2. Frederick the Great also annexed Silesia (see Graph 2.A) and developed it into the arsenal of Germany. A few dynamic bureaucratentrepreneurs continued the task after his death by using such measures as industrial espionage and poaching of skilled workers during the late eighteenth and early nineteenth centuries, setting up Craft Institutes in 1820 to train skilled workers, subsidizing foreign trips to gather information, collecting foreign machines for copying, and supporting business start-ups in machinery, the steam engine and locomotive industries.
3. Reorientation of education from theology to science and technology, which was at the time not taught in Oxford or Cambridge.
The role of the state in the development of Germany was also emphasized by Gerschenkorn (1962). His study points to the efforts made by the European late developers to catch up with the forerunners.

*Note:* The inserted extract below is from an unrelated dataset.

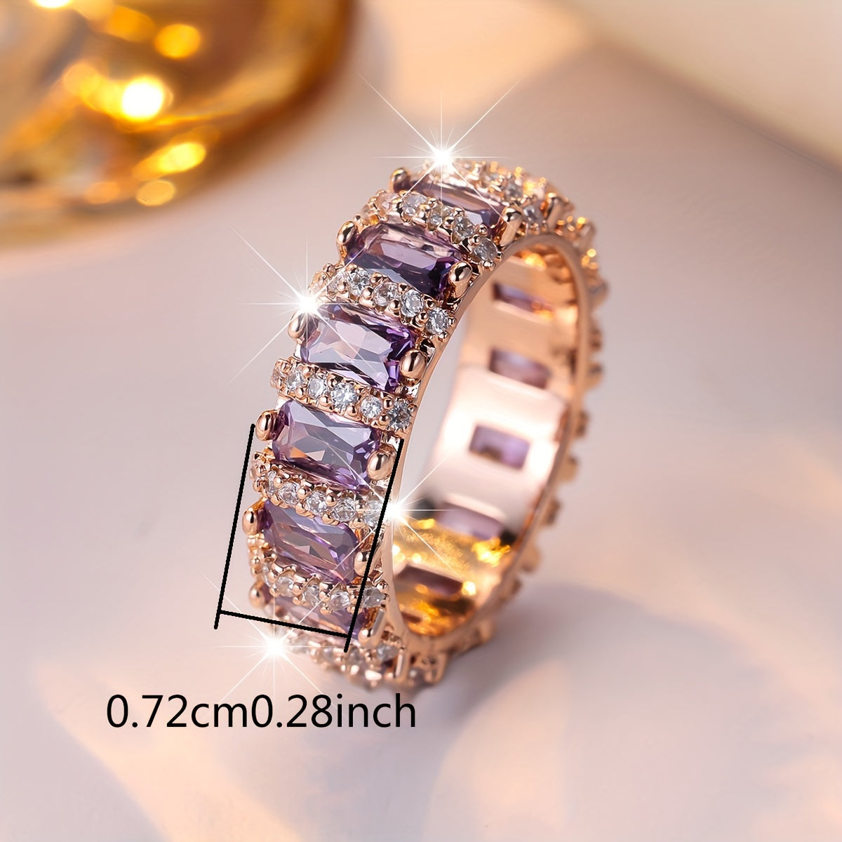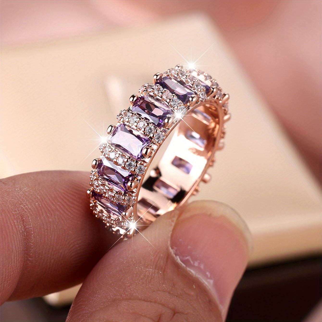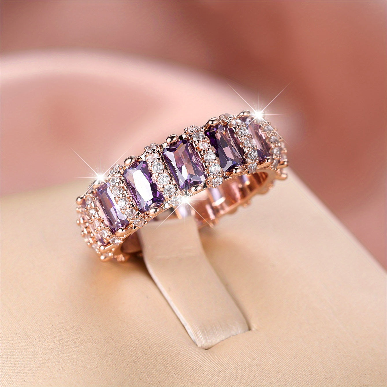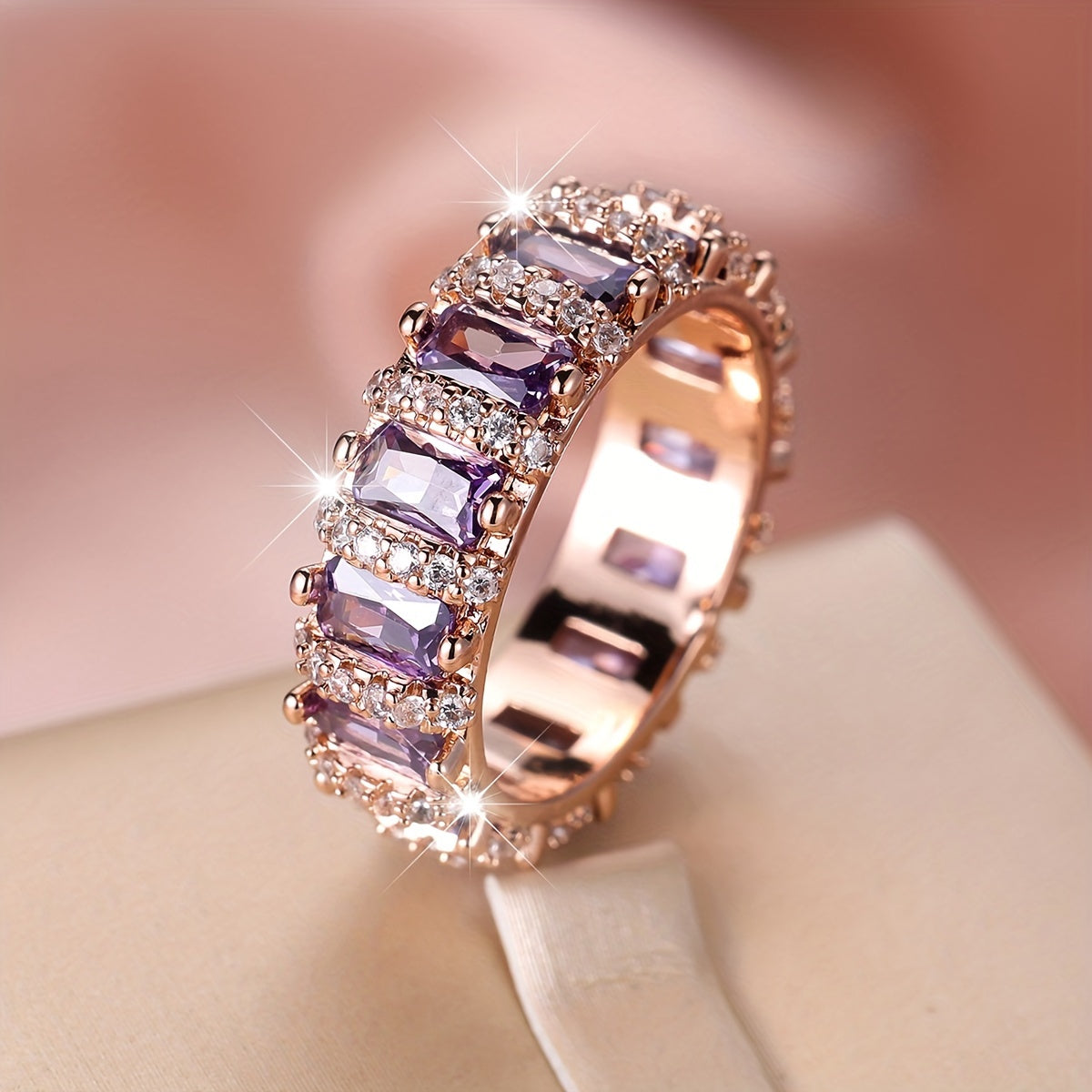 Stunning rose gold band with purple & clear cubic zirconia stones, perfect for weddings, parties, and banquets.
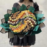 Брутальный и полезный букет из отборных сухофруктов - всё, что нужно для бодрости, силы и отличного настроения. Ассорти из кураги, инжира, фиников, чернослива, орехов в стильной подаче - отличный подарок для мужчины, который ценит вкус, практичность и заботу о себе. 🎁 Подходит для дня рождения, юбилея, профессионального праздника или просто без повода. Собрано вручную и упаковано с вниманием к деталям.

In his study of the Tsarist industrialization in Russia (1861-1903, with emphasis placed on the 1892-1903 Witte period), he highlights five important aspects of the Russian efforts towards industrialization: railway construction, heavy industry development, tariff protection, adoption of gold standard, and forced savings. Gerschenkron s main thesis is that while the early developers relied very little on the state, the greater the degree of backwardness, the greater the degree of state intervention among the later developers.
Weiss and Hobson (1995: ch. 4) agree with Gerschenkron on the importance of the role of state in economic development, but dispute with him on the interpretation of the experiences of Britain (an early developer) and Russia (a late developer). They argue that British industrialization during 1688-1815 was accompanied by a proliferation of relatively long and costly wars. They estimate that by 1815, national debt has risen to some 180 percent of British national income.
The accumulation of debt from 1688-1815 was therefore higher than that accumulated from 1914 to 1965, the period covering two world wars (1995: ch.4). Taxation in Britain, consisting mainly of indirect taxes, was the heaviest among European countries.
Under the influence of mercantilism, Britain s tariff rates were also very high, the average rate amounting to 27 percent in 1688-1795, and 40 percent in 1796-1846, which were among, if not the highest in Europe (Weiss-Hobson, 1995: 124), as argued in earlier Lectures. Also, as noted earlier, the state cultivated the financial market so it could borrow from the private sector at reasonably low cost.
So Weiss-Hobson argue that the state played a major role in promoting capitalism, mainly for the purpose of engaging in wars. The autocracy (as opposed to the Finance Ministry) in Tsarist Russia, on the other hand, did not promote capitalism with similar levels of effort, because they did not consider their defeat in the Crimean War a very serious matter. So although Tsarist Russia did industrialize to a certain degree, its per capita income was still among the lowest in Europe prior to the Revolution.
If the state did play major roles in either the early or late European developers, there could still be functional substitutes as Shin (1996) and others argue. Shin notes that during the period of British industrialization in the eighteenth and early nineteenth century, the leading sectors were cotton textiles and machinery industries, where economies of scale were not so important.
In its attempt to catch-up, there emerged investment banks in Germany, a semibackward country, that financed and coordinated large investment in capital goods industry ( growth sectors ) and achieved economies of scale comparable to that of the forerunner at the firm level (although the overall or national capital investment was lower).
It was therefore a functional substitute for the British unorganized market at that time, just as Japan s and Korea s business groups replaced the part of the function of capital market that deals with big-ticket and long-term investment in our own times (Shin, 1996: 55-57).